The story centers on a Loretta Castorini (Cher), an Italian-American widow pushing 40. An accountant, she lives in a palatial house in Brooklyn, exquisitely shot by cinematographer David Watkin, with her gloomy father Cosmo (Vincent Gardenia), an affluent plumber, & her gloomier mother Rose (Olympia Dukakis). Gloomiest of all is her grandfather (Feodor Chalaipin), who moves around in a wake of small dogs—the only time joy registers on his face is when he gets them to howl at the moon.

Loretta agrees to marry her dull, pleasant boyfriend Johnny (Danny Aiello), who by her own admission she likes but doesn’t love, before he leaves for Italy & the deathbed of his vociferous, energetic mother. While he’s away, Loretta goes to invite his brother Ronnie (Nicolas Cage) to the wedding, & the two fall immediately in love. Meanwhile, Rose struggles with the awareness that Cosmo is cheating on her.

That’s the plot, but it does no justice to the richness of the movie, which works on a surprisingly broad canvas, with minor characters ranging from Loretta’s customers to Cosmo’s, Ronnie’s coworkers, the waiters at the restaurants, or random passersby like the vitriolic old crone with whom Loretta has an odd exchange at the airport. In formal terms, the resolution of the plot is a bit of an anticlimax, really, but while you’re watching the movie it’s comedic bliss, & utterly satisfying.


Indeed, this is one of those rare & precious movies where everything somehow went improbably right. Cher did her best work as an actress in Moonstruck, & Cage probably had his finest hour here, too. But the supporting actors & bit players are sublime without exception—in particular Louis Guss & Julie Bovasso as Loretta’s Aunt & Uncle, & John Mahoney as a coed-loving college professor who happens into dinner with Rose & wistfully discovers the pleasure of a mature woman’s company.

The director, Norman Jewison, did fine work before & after this film, but nowhere else showed this flawless a touch. John Patrick Shanley, who wrote the Oscar-winning, highly quotable script, has never topped it—most of his subsequent work has been brilliant in flashes but badly uneven. But Moonstruck’s dialogue, for all its idiosyncratic poetry, still sounds blunt & natural in the mouths of these actors. The happy irony is that this celebration of love’s glorious imperfection is, in itself, pretty much a perfect movie.

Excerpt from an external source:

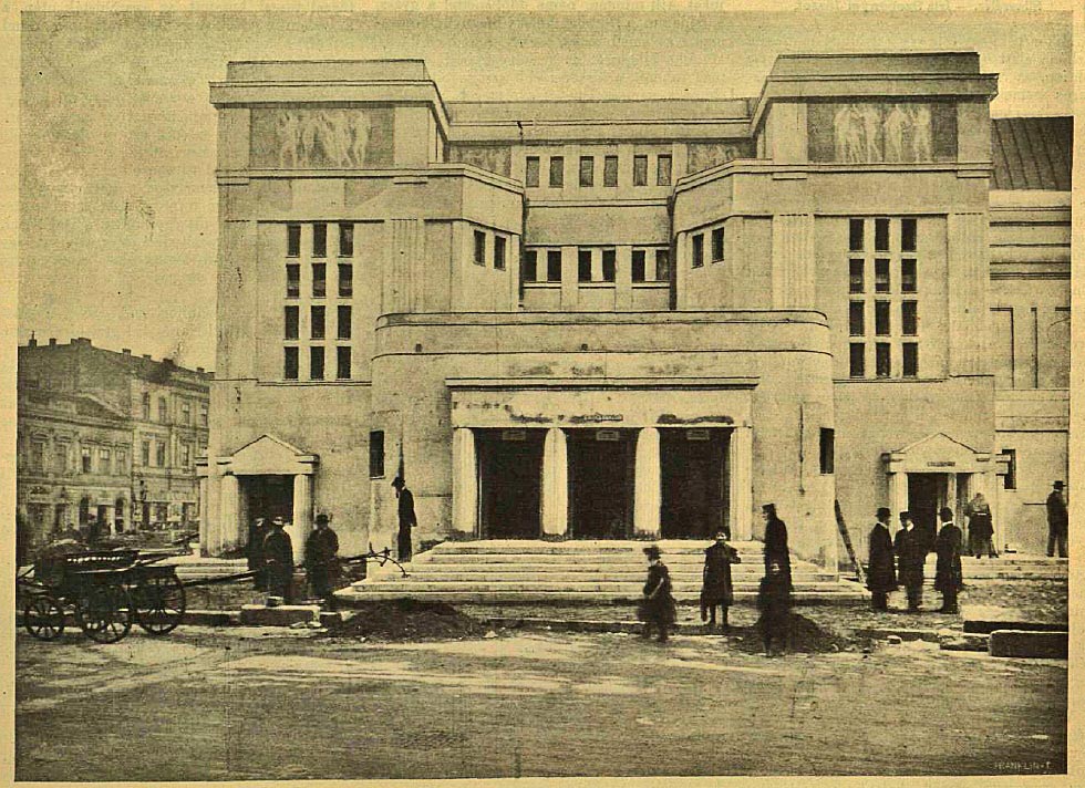 Népopera homlokzata imponáló, tiszteletet parancsoló: egyiptomi hatású ó-görög építőművészet képe, csakhogy a célszerűség-, illetőleg szükség-parancsolta felső ablakok, meg közelről nézve a színes üvegek elárulják, hogy az újkor alkotta a szokatlan nagy pogány templomot. Nagy felületek, csupa egyenes vonal, csupa felséges egyszerűség." (Vasárnapi Ujság, 1911 dec 3)

Thursday, February 23, 2012

JUMPIN' DRAC FLASH

If for no other reason than that it’s celebrating its 40th anniversary…

Monster-of-the-Week: …let’s give the nod to the title character in Dracula A.D. 1972, released by the UK’s Hammer Films in the title year.


This was Hammer’s attempt to give a “mod” spin to their Christopher Lee/Peter Cushing Dracula series. It opens in 1872 (long before the 1897 date of the Stoker novel) with Van Helsing (Cushing) & Dracula (Lee) fighting it out again on an out-of-control carriage. It ends badly for both of them—the Count meets the business end of a broken wheel spoke.


But a century later, after the opening credits, a Drac disciple with the rock-star-like name of Johnny Alucard (Christopher Neame, looking insufferably pouty & Byronic) leads a group of thrill-seeking Chelsea hippies in an unholy ceremony in the ruin of a church, & succeeds in re-integrating the vampire prince, who is particularly ungrateful & entitled about it: When his young benefactor says “I summoned you,” he snaps “It was my will.” Typical freakin’ aristocrat.

I watched this for the first time in decades this past weekend, & was struck by how very little Lee was given to do in the film—with the title, one might hope for psychedelic party scenes of the Count mingling with the Mods, but except for the fight in the prologue, Lee, who’s top-billed, spends all of his brief footage in the wrecked church—to which Johnny A. dutifully delivers him such delectable snacks as Caroline Munro, Marsha Hunt & Stephanie Beacham, in return for an equal lack of gratitude—& speaks only a handful of lines. Cushing, as a modern Van Helsing, does the expository heavy lifting.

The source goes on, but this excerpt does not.